Как бы ни было тяжело стрелкам Фока, Остапова и уже успокоившегося Ящинского, а понтоны с того берега шли. Вразнобой, потеряв связь, приткнувшись к случайному месту, они все же доставляли солдат, и солдаты эти, зачастую сразу же теряя офицеров, все же упрямо лезли на обрыв, штыками отбрасывали турок и цепко держали узкую полоску берега. Часть их прибилась к Фоку, десятка два провел в устье Текир-Дере поручик Григоришвили, раненный в плечо в первой же атаке: вместе с уцелевшими солдатами унтера Малютки он упорно штурмовал засевших на мельнице аскеров.
Благополучно переправился на вражеский берег и командир первого эшелона генерал-майор Иолшин. Вместе со штабными офицерами он сидел под обрывом и страдал от бездействия: руководить боем в такой неразберихе было немыслимо.
Турки ожесточенно атаковали Остапова.

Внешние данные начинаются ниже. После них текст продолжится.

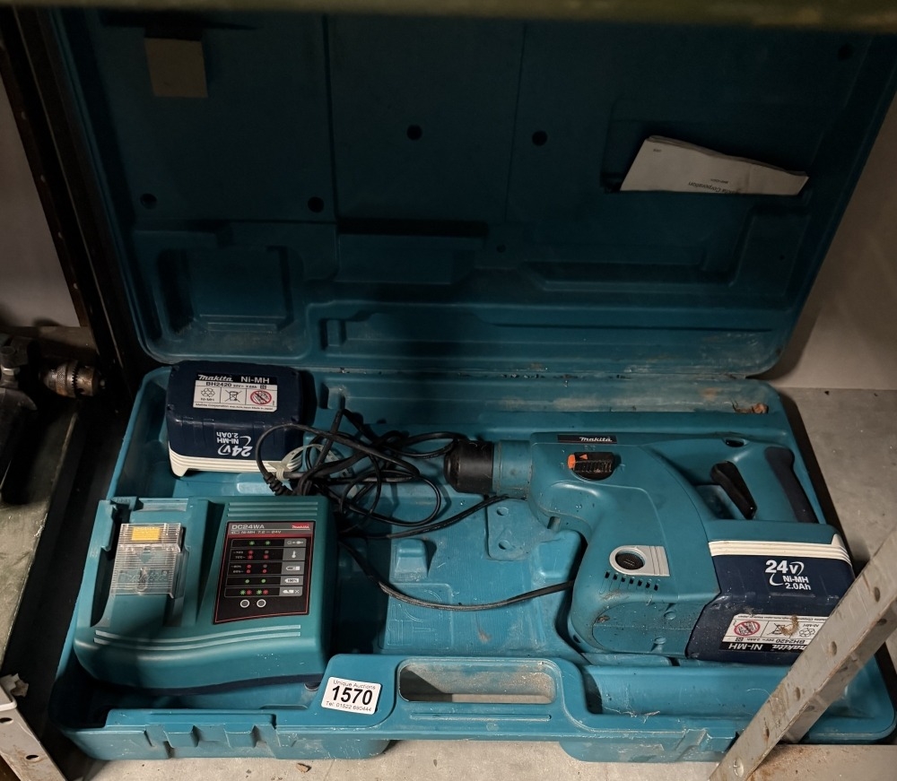 A working 24 volt Makita BHR200 hammer, drill & 2 batteries with charger & case

Поредевший в схватках отряд его, пополненный пластунами и частью гвардейских офицеров полковника Озерова, упрямо держался за виноградники, перерезав туркам дорогу к Текир-Дере. Остапову пуля раздробила коленную чашечку; он лежал в пыли на дороге, собрав вокруг себя раненых, и, страшно ругаясь, отбивал атаки четкими ружейными залпами. Командование принял Озеров.
– Только не вздумайте стрелять, полковник, – скрипя зубами от боли, сказал Остапов; ему очень хотелось ругаться, он грубил, но в присутствии старшего воздерживался. – Штыками их, штыками!
– Я слышал приказ, капитан. Держите дорогу.
– Ну уж тут-то они только по трупам: мне ногу перебило. А вот вам придется побегать.
– Доктора утверждают, что это полезно для здоровья, – усмехнулся Озеров, уходя в цепь.
– Стрелять только раненым! – вдогонку прокричал Остапов. – Только тем, кто уж и на ногах-то не стоит! Слышите, гвардия?..
Но время текло своим чередом, и, как ни внезапен был русский удар, турецкое командование в конце концов разобралось в обстановке. Из трех наиболее активных очагов сопротивления самым неустойчивым им представился участок Фока. И туда, на его измотанных, израненных и немногочисленных стрелков, турки и бросили подошедшие из Вардина свежие резервы.
5Брянову не повезло с самого начала: понтон, на котором находился капитан с сорока пятью солдатами, закрутило на быстрине с особой затейливостью, развернув почти в обратную сторону. Гребцы, привставая на скамьях, с силой налегли на весла, и весла не выдержали – три хрустнули пополам, и потерявший скорость и управление понтон потащило по течению. Пока гребцы разбирались с веслами, чтоб уравнять количество их с обеих сторон, судно успело уйти далеко вниз, потеряв всякую связь с соседним понтоном прапорщика Лукьянова. Когда наконец-таки приткнулись под обрыв, спускавшийся в этом месте к самой воде, в устье Текир-Дере и на высотах вокруг уже кипел бой.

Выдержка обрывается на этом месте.